For every line below, restate it exactly and drop the images.
Records provided Start Marker
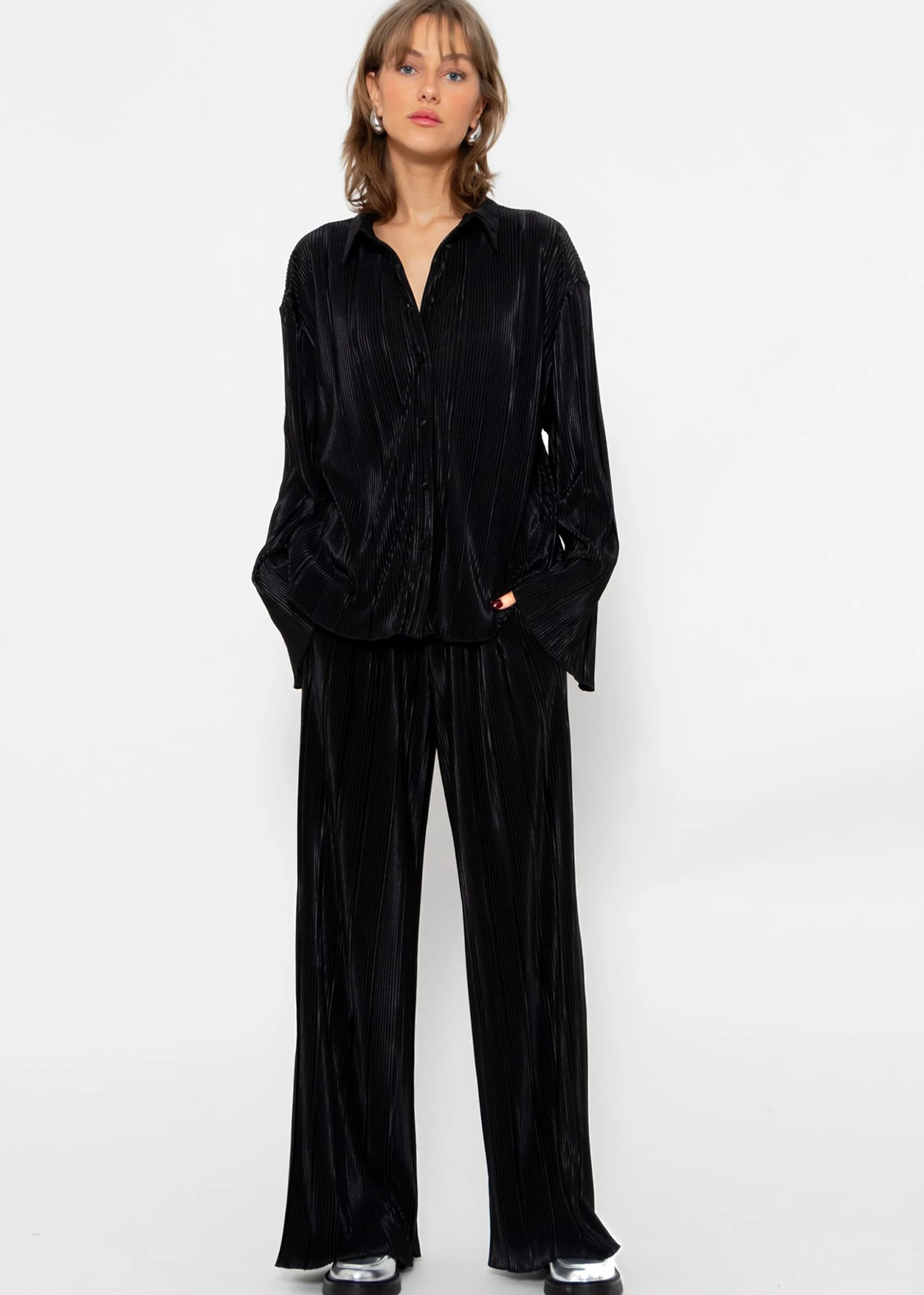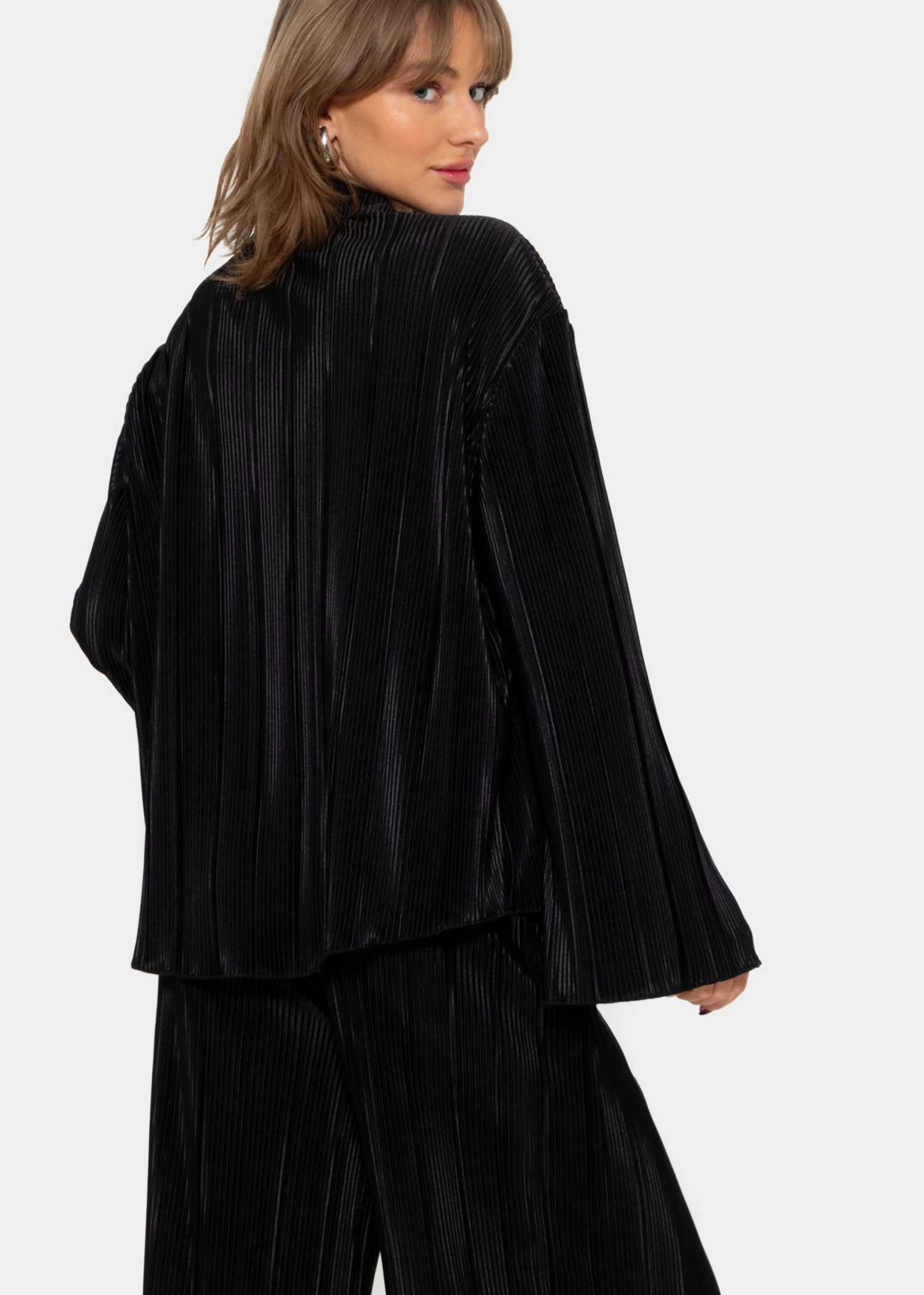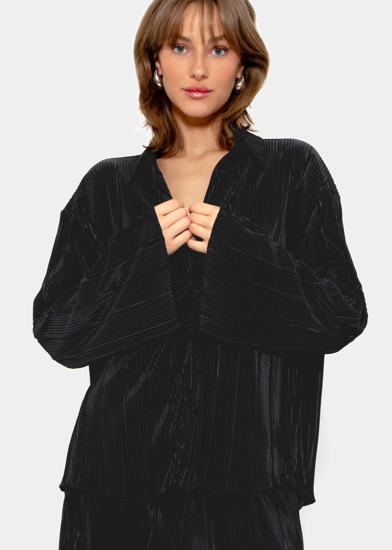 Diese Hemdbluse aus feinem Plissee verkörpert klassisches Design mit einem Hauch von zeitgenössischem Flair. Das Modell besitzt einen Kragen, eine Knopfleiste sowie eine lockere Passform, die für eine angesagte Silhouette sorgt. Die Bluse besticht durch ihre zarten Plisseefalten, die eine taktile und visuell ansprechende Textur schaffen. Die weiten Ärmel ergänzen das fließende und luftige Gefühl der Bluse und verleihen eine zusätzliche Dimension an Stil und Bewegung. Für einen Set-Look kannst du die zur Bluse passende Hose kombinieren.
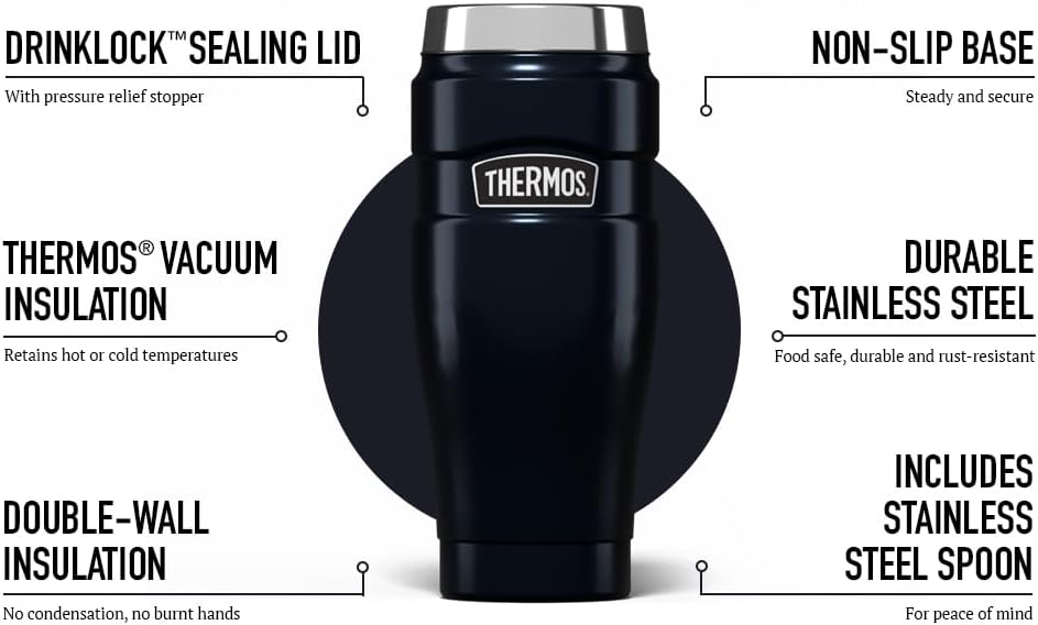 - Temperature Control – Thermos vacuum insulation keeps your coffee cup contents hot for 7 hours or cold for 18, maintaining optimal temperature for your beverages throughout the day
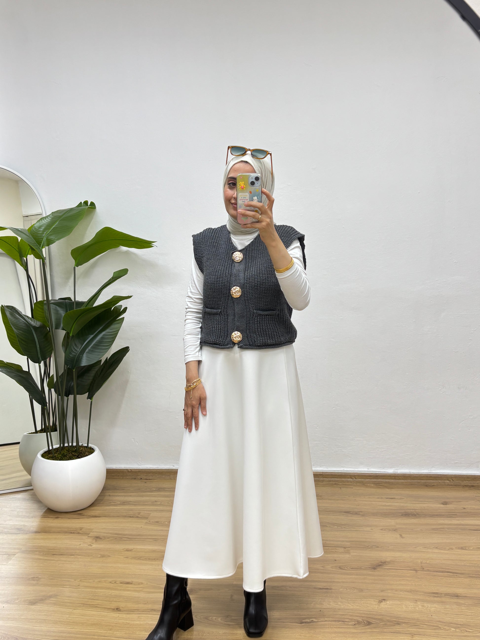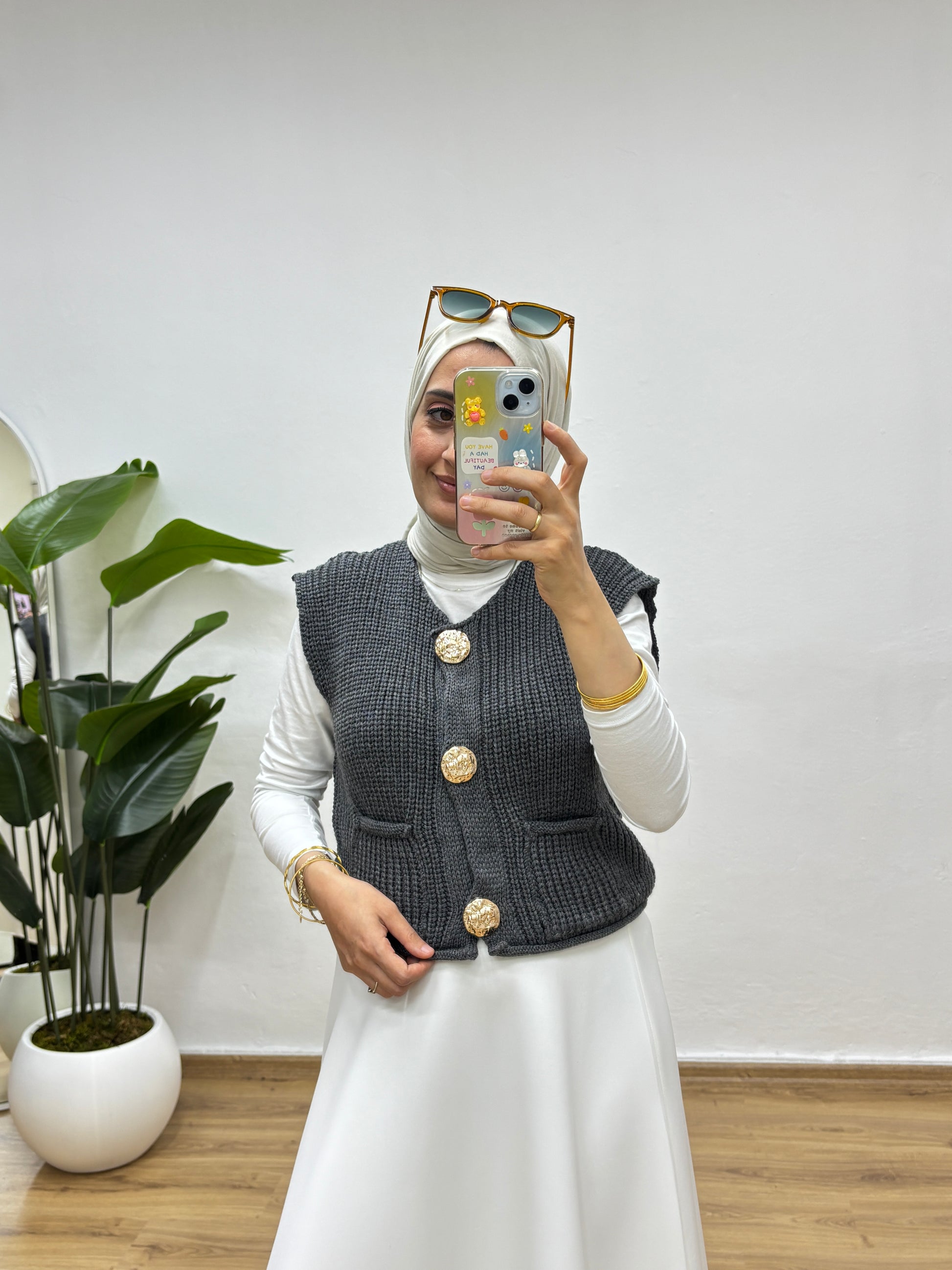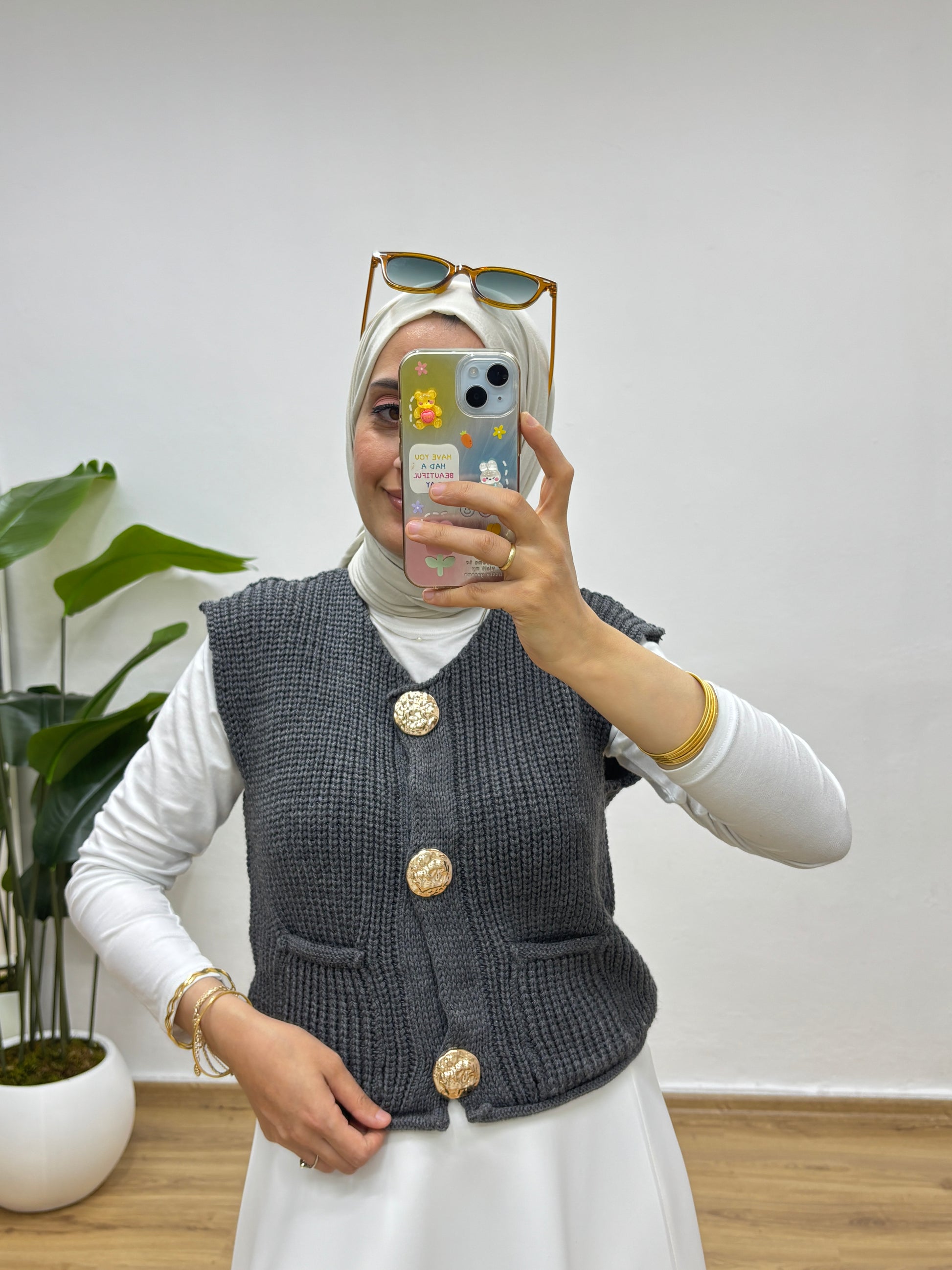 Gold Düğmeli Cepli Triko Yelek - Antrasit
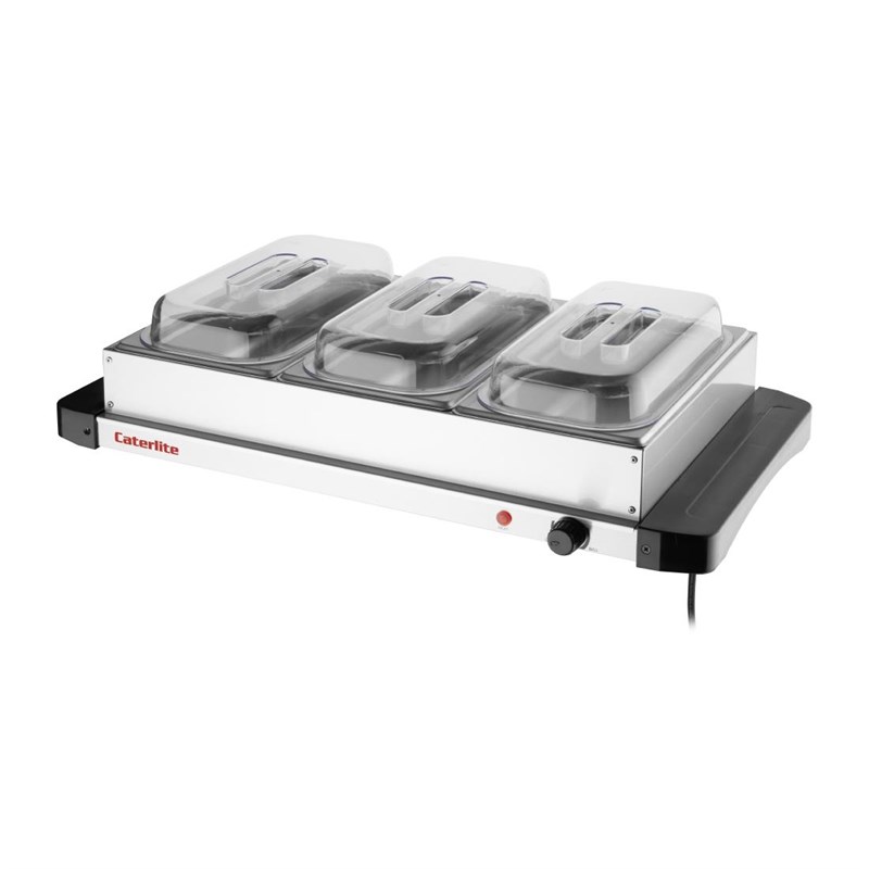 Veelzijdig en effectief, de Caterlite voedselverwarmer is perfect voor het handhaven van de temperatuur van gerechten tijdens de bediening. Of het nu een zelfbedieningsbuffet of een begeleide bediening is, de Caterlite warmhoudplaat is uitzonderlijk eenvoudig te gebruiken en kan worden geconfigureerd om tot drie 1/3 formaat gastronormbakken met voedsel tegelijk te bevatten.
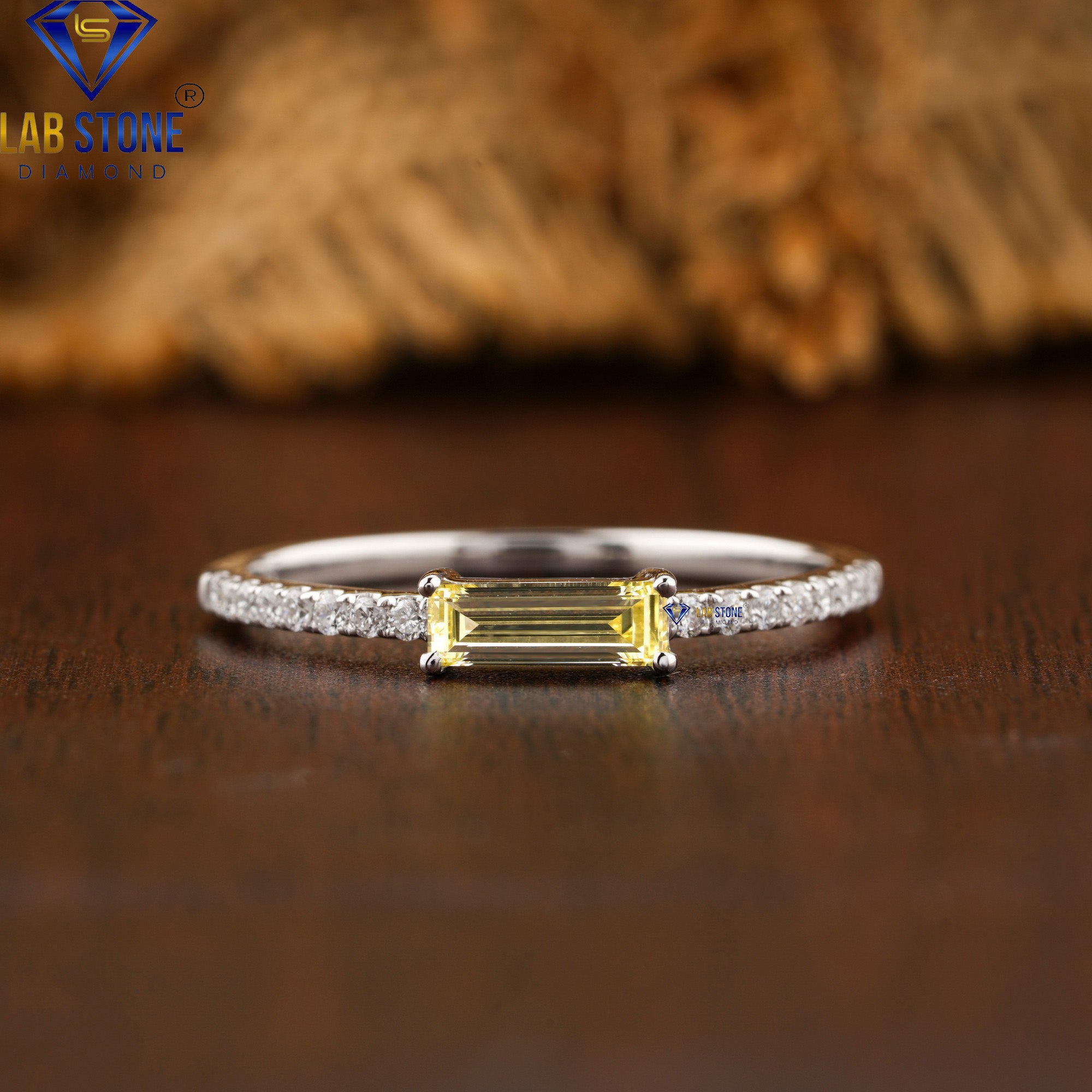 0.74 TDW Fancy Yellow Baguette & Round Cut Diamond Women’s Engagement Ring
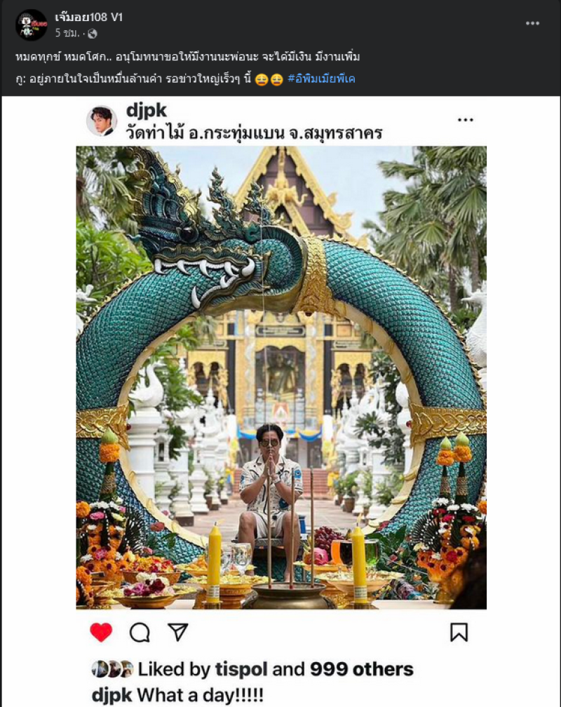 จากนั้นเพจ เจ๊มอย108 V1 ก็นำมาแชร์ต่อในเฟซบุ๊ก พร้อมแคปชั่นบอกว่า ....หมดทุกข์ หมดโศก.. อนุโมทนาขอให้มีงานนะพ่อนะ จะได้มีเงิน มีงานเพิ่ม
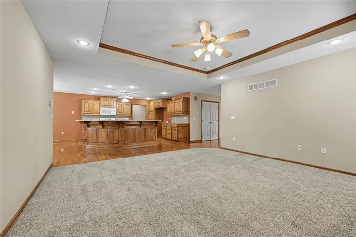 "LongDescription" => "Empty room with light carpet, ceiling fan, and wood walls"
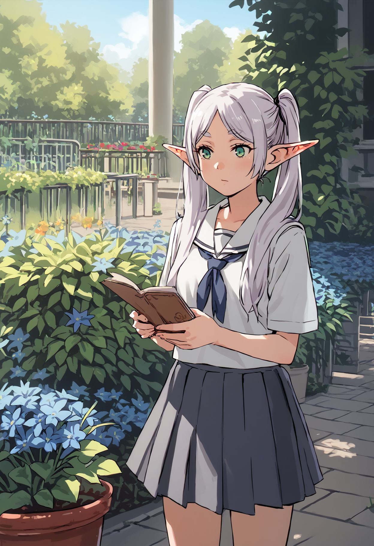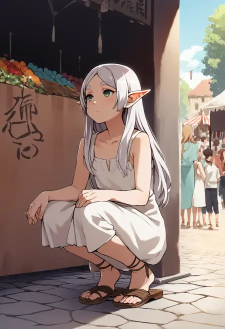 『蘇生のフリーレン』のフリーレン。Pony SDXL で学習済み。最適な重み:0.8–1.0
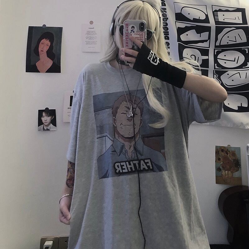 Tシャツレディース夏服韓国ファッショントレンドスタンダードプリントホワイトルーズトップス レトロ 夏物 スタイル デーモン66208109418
Records provided End Marker
Answer below:
 Diese Hemdbluse aus feinem Plissee verkörpert klassisches Design mit einem Hauch von zeitgenössischem Flair. Das Modell besitzt einen Kragen, eine Knopfleiste sowie eine lockere Passform, die für eine angesagte Silhouette sorgt. Die Bluse besticht durch ihre zarten Plisseefalten, die eine taktile und visuell ansprechende Textur schaffen. Die weiten Ärmel ergänzen das fließende und luftige Gefühl der Bluse und verleihen eine zusätzliche Dimension an Stil und Bewegung. Für einen Set-Look kannst du die zur Bluse passende Hose kombinieren.
 - Temperature Control – Thermos vacuum insulation keeps your coffee cup contents hot for 7 hours or cold for 18, maintaining optimal temperature for your beverages throughout the day
 Gold Düğmeli Cepli Triko Yelek - Antrasit
 Veelzijdig en effectief, de Caterlite voedselverwarmer is perfect voor het handhaven van de temperatuur van gerechten tijdens de bediening. Of het nu een zelfbedieningsbuffet of een begeleide bediening is, de Caterlite warmhoudplaat is uitzonderlijk eenvoudig te gebruiken en kan worden geconfigureerd om tot drie 1/3 formaat gastronormbakken met voedsel tegelijk te bevatten.
 0.74 TDW Fancy Yellow Baguette & Round Cut Diamond Women’s Engagement Ring
 จากนั้นเพจ เจ๊มอย108 V1 ก็นำมาแชร์ต่อในเฟซบุ๊ก พร้อมแคปชั่นบอกว่า ....หมดทุกข์ หมดโศก.. อนุโมทนาขอให้มีงานนะพ่อนะ จะได้มีเงิน มีงานเพิ่ม
 "LongDescription" => "Empty room with light carpet, ceiling fan, and wood walls"
 『蘇生のフリーレン』のフリーレン。Pony SDXL で学習済み。最適な重み:0.8–1.0
 Tシャツレディース夏服韓国ファッショントレンドスタンダードプリントホワイトルーズトップス レトロ 夏物 スタイル デーモン66208109418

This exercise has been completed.